Hong Kong Bar Association: New leader, new management

A view of the Hong Kong skyline. /APC

A view of the Hong Kong skyline. /APC

Editor’s note: Zhu Zheng is an assistant professor specializing in constitutional law and politics at the China University of Political Science and Law. The article reflects the opinions of the author, and not necessarily the views of CGTN.

The Hong Kong Bar Association elected Victor Dawes as its new president this week. The news caught the attention of domestic and foreign media, with Dawes pledging to protect Hong Kong’s rule of law and, more importantly, to avoid politics and forge closer ties with the Hong Kong mainland. China.

Dawes replaced human rights lawyer Paul Harris, who had criticized the National Security Act and been called an “anti-China politician”. On the contrary, Dawes has been seen as a low-key lawyer who prefers to stay away from politics.

Although he received his legal training in the UK, Dawes is considered a pro-establishment figure. He said he would devote himself to unfreezing the Hong Kong Bar Association’s frosty relationship with the mainland. In a recent interview, Dawes also told reporters that the rule of law is “not a political concept” and that “political topics are not something the Bar Association should deal with or discuss.”

This contrasts sharply with a predecessor, Philip Dykes, for example, who made the professional body more vocal on important legal issues that had brought its routine dealings with the Continent to a complete halt.

In addition, British-born Harris had been lambasted by the Liaison Office for “spreading distorted opinion” and said the association under his leadership was “sinking into an abyss”. Due to the political position of these presidents, the professional group had been strongly “politicized”.

A ship bearing the slogan ‘Celebrating the enactment of the People’s Republic of China Law on Safeguarding National Security in the Hong Kong SAR’ in Victoria Harbor in Hong Kong, south China’s July 1, 2020. /Xinhua

A ship bearing the slogan ‘Celebrating the enactment of the People’s Republic of China Law on Safeguarding National Security in the Hong Kong SAR’ in Victoria Harbor in Hong Kong, south China’s July 1, 2020. /Xinhua

Dawes, however, prefers to avoid outbreaks that could irritate the central government. According to him, lawyers should not be seen as “politicians in wigs” and the role of the association itself is not a political story.

The above statements were interpreted by analysts in the Hong Kong Special Administrative Region (HKSAR) as sending positive signals. By any measure, this means that Dawes wants to restore ties with the Chinese mainland and that the role that the Hong Kong Bar Association plays in the administration of justice will be normalized.

It must be aware that, from a strategic point of view, putting the association back on the right track and improving relations with the metropolis will yield at least three positive results.

First, the professional body itself will continue to thrive.
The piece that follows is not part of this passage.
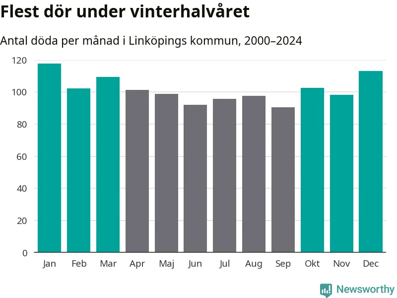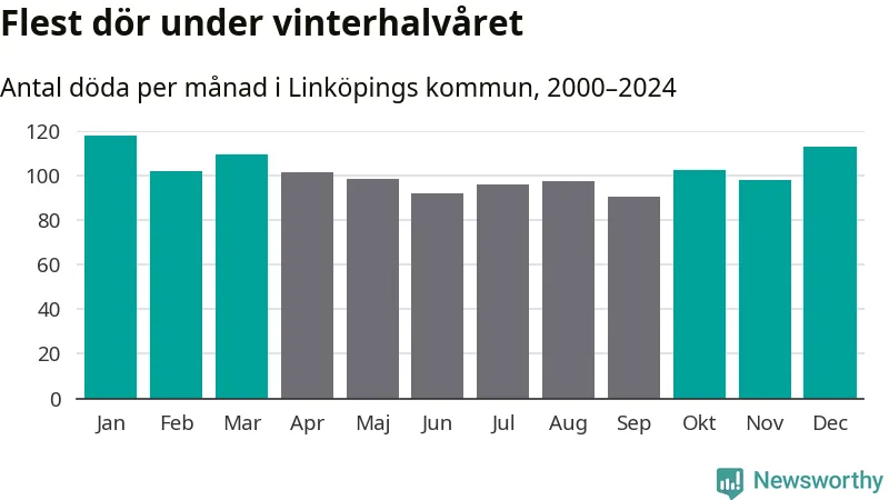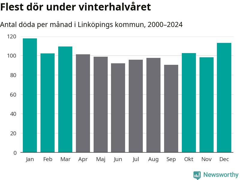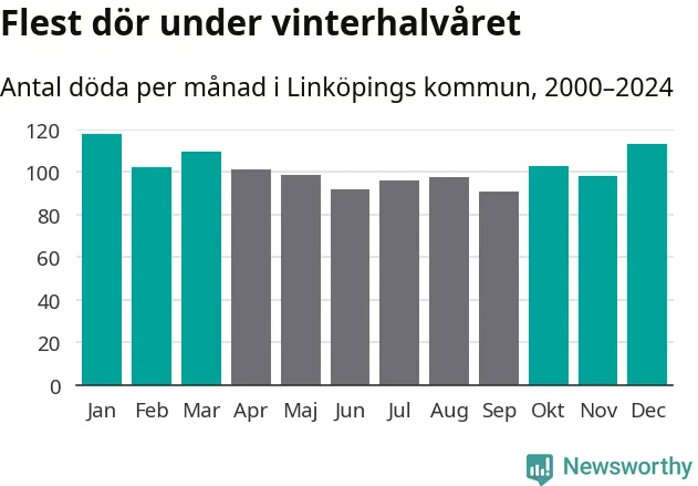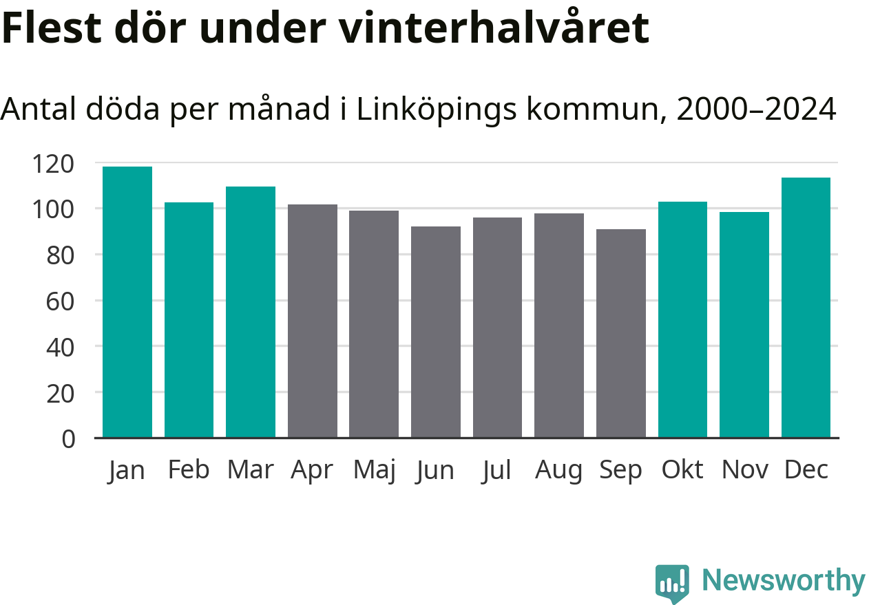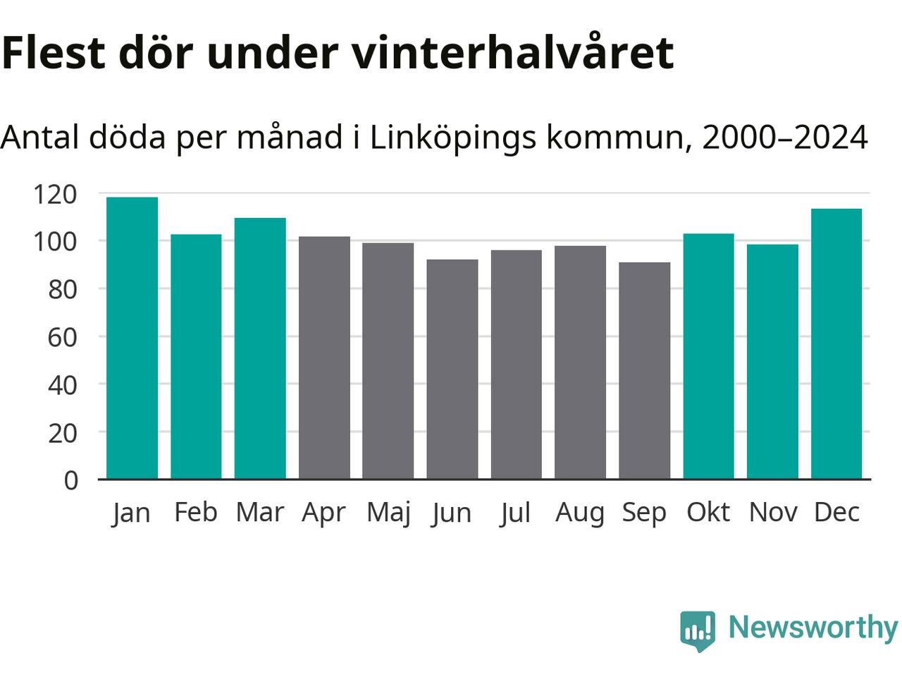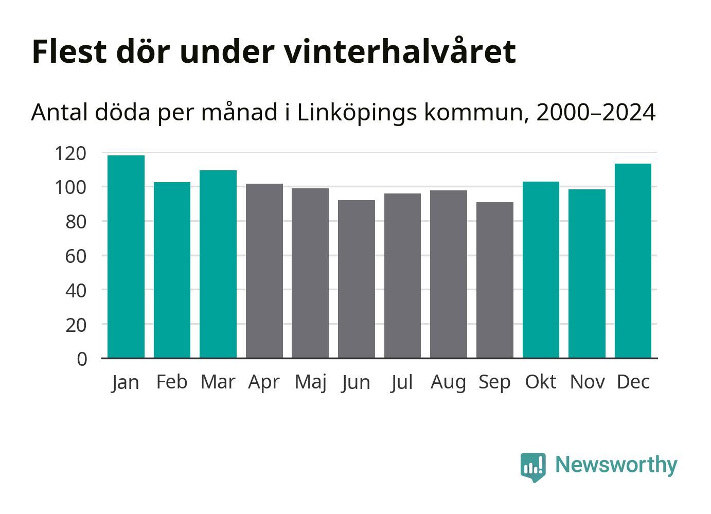 Så är det även i Linköping. Under de senaste 25 åren har 15 829 personer dött i kommunen under vinterhalvåret, jämfört med 14 236 personer under sommarhalvåret – alltså elva procent fler.

For years, the ties between the metropolis and the Bar have been strained due to the political positions taken by certain leaders. Watched by Paul Harris, for example, the liaison office once warned that if the association failed to sever ties with its president, the 73-year-old Hong Kong body would face a range of consequences. .
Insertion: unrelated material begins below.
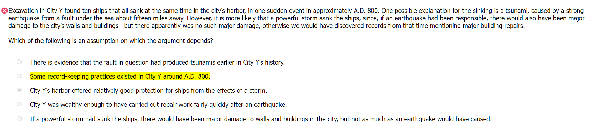 Excavation in City Y found ten ships that all sank at the same time in the city’s harbor, in one sudden event in approximately A.D. 800. One possible explanation for the sinking is a tsunami, caused by a strong earthquake from a fault under the sea about fifteen miles away. However, it is more likely that a powerful storm sank the ships, since, if an earthquake had been responsible, there would also have been major damage to the city’s walls and buildings—but there apparently was no such major damage, otherwise we would have discovered records from that time mentioning major building repairs.The conclusion of the argument is the following:

A reset of the relationship would therefore be very necessary to “save” the body.

Second, maintaining a positive interaction with the mainland would help accomplish the purpose of the body. As the only body of lawyers, the Hong Kong Bar Association would prescribe not only rules of professional conduct, discipline and etiquette, but also a better understanding of the legal profession and the improvement of administration justice in Hong Kong.
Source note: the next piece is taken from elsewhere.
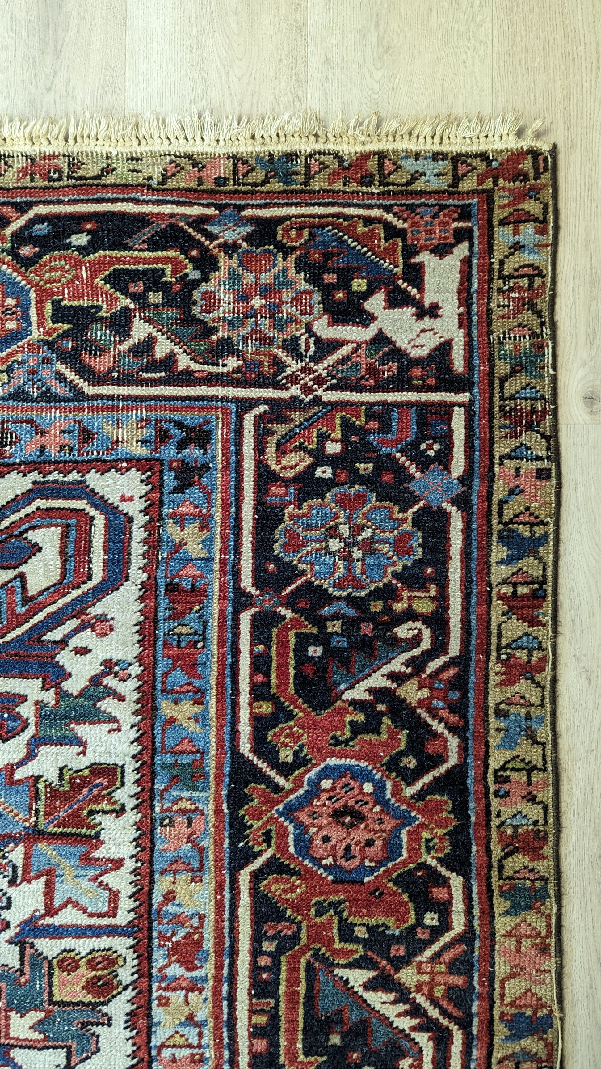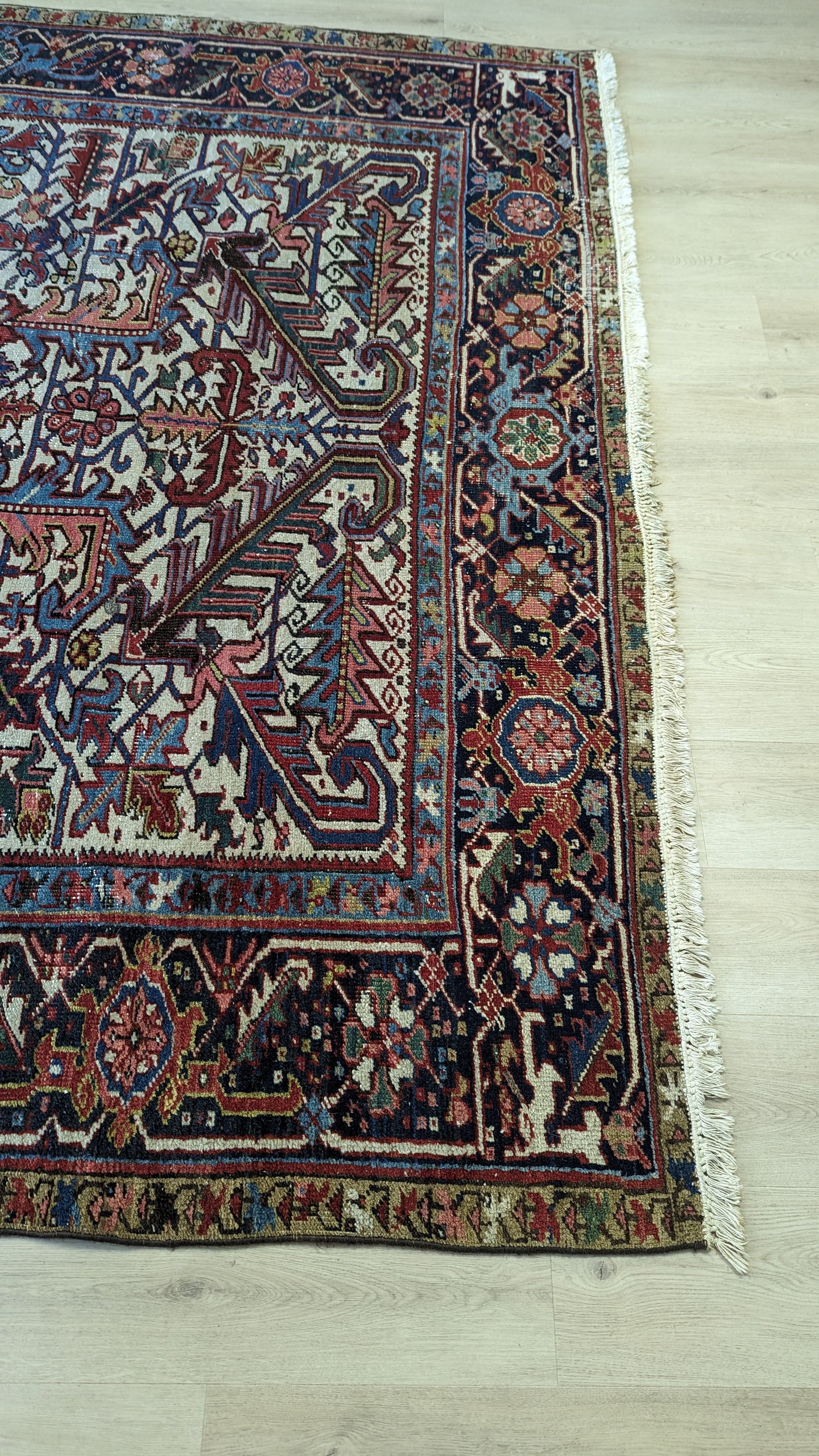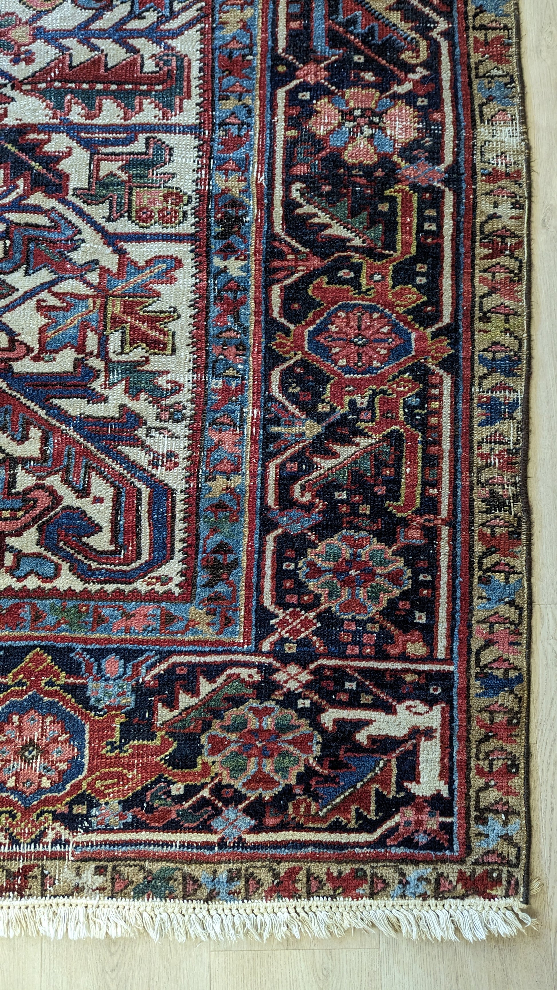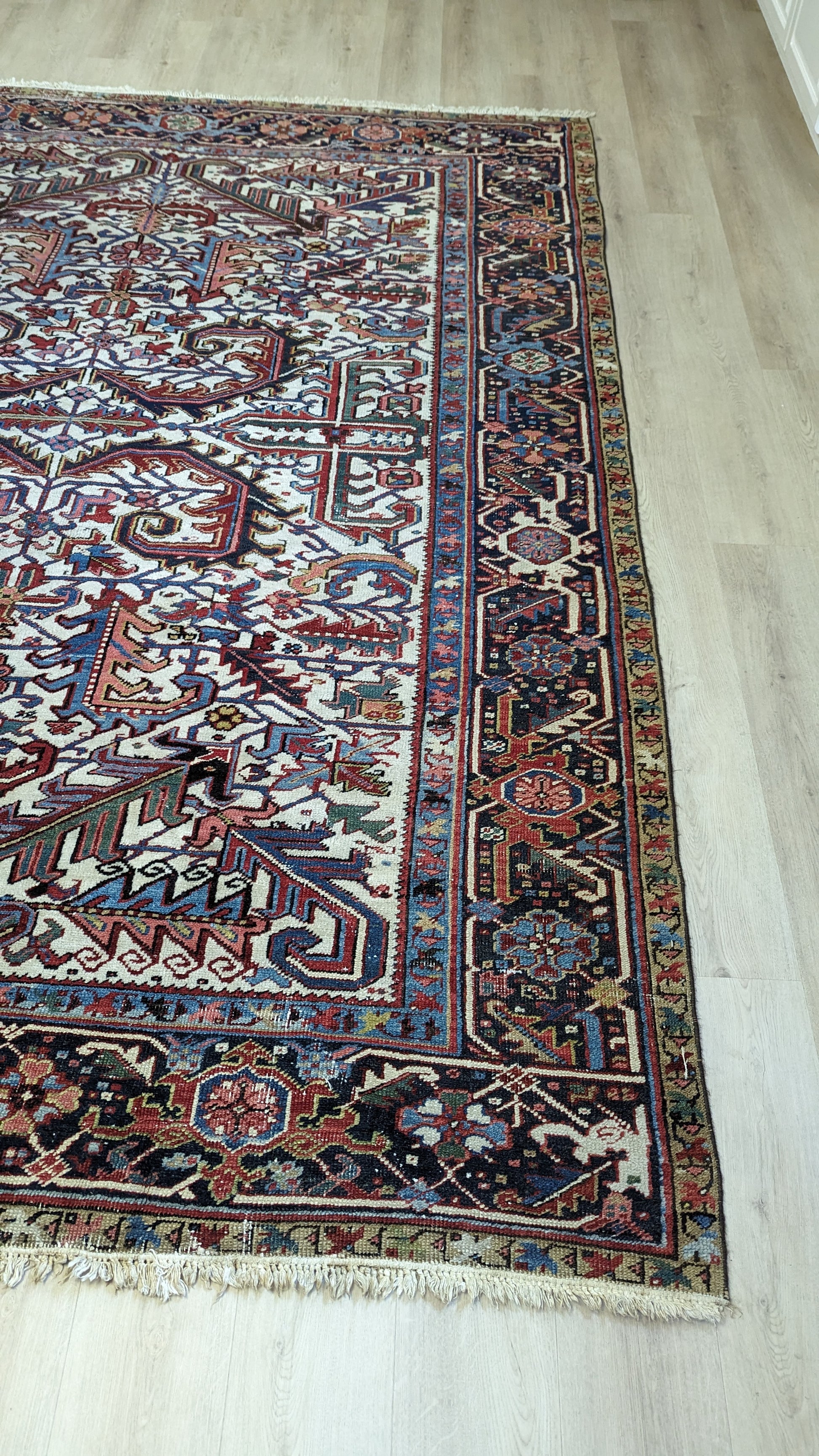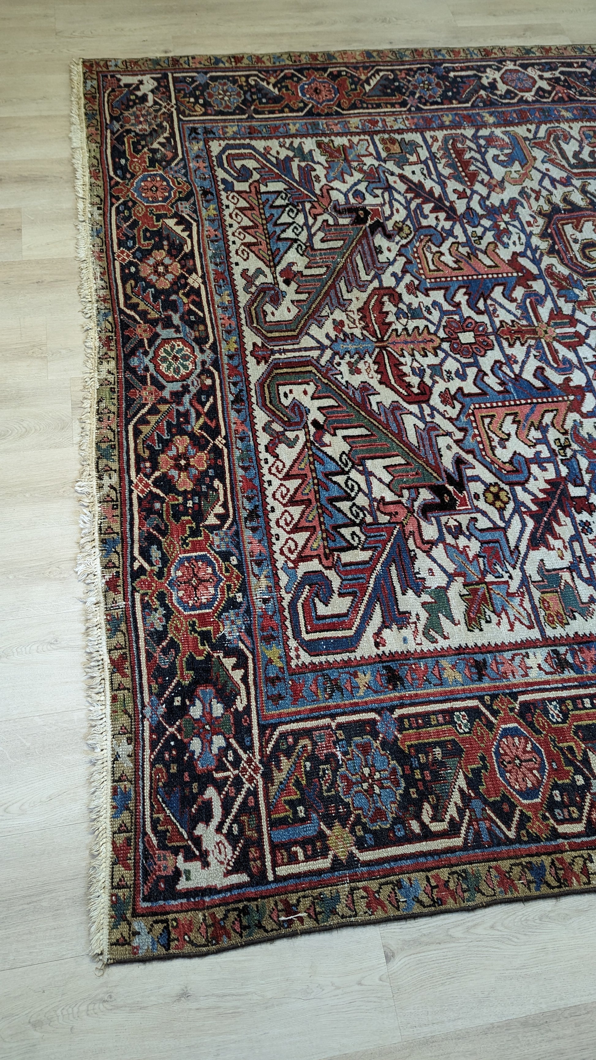 A genuine, antique, hand-knotted Persian Heriz rug adds color, warmth, and timeless charm and to complement any decor style.

After the turmoil and chaos of the city, many senior lawyers argued that “the bar needs people who only talk about professional matters, opportunities and practice development, but who will stay committed to the ‘rule of law’. Instead of “politicizing” the body, the new leader aims to heal the division between different factions and get the group back on track, which is in the interests of the entire legal profession in Hong Kong.

With a new president and a few changes of compass, the association seems to be on the verge of abandoning politics and readjusting to its functions as an independent professional body that will protect the interests of its members and uphold the values ​​of the state. by right. . With this in mind, the association could open a new path to the future.